両親と過ごす何気ない日々、プライベートでもドライブをして大自然を見て感じたり、小学時代の友人と語ったり、幼い頃から大好きなイタリア人の神父様にお会いしたり、音楽以外の時間も沢山過ごしました。この時間は、今だから持てること。音楽づくしだった日々も大切な時間でしたが、こうして今まで持つことができなかった時間を過ごせているのもとても大切な時間だと今は思っています。

その時、その時で、大切なことは形を変えてちゃんとやってくる、と思います。さみしいな、と思う気持ちを味わうのも大切なこと。その中で、幸せだな、感謝だなと気付いた事も大切なこと。全て偶然ではなく必然で、なるようになっているのだなと、落ち着いて思っています。
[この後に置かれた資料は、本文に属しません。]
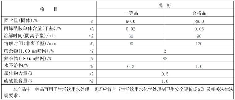 水处理剂聚丙烯酰胺的技术指标主要包括相对分子质量、阴离子度、固含量、丙烯酰胺单体含量、溶解时间、筛余物、水不溶物、氯化物含量和硫酸盐含量等。值得注意的是,由于聚丙烯酰胺的质量不仅关乎水处理效果,也和使用者的权益及水处理系统的稳定运行紧密相关,因此以上技术指标均属于出厂检验项目。

大分に17年も住んでいたのだから、鹿児島6ヶ月はやっぱりいろんな事を思うのは当たり前の事で。でも、これから鹿児島生活なのだなと、ようやく前向きに実感できているので、とにかく11日を大切に、素直に、丁寧に過ごして、大分17年の歴史のように、これからも積み重ねていきたいと思います。もちろん、たまには大分に来たりもして

その日々の積み重ねの中で生まれる音楽も楽しみたいと思います。大分生活17年を上回る、これから過ごした18 年後、私は何を思っているのだろう⁈楽しみです。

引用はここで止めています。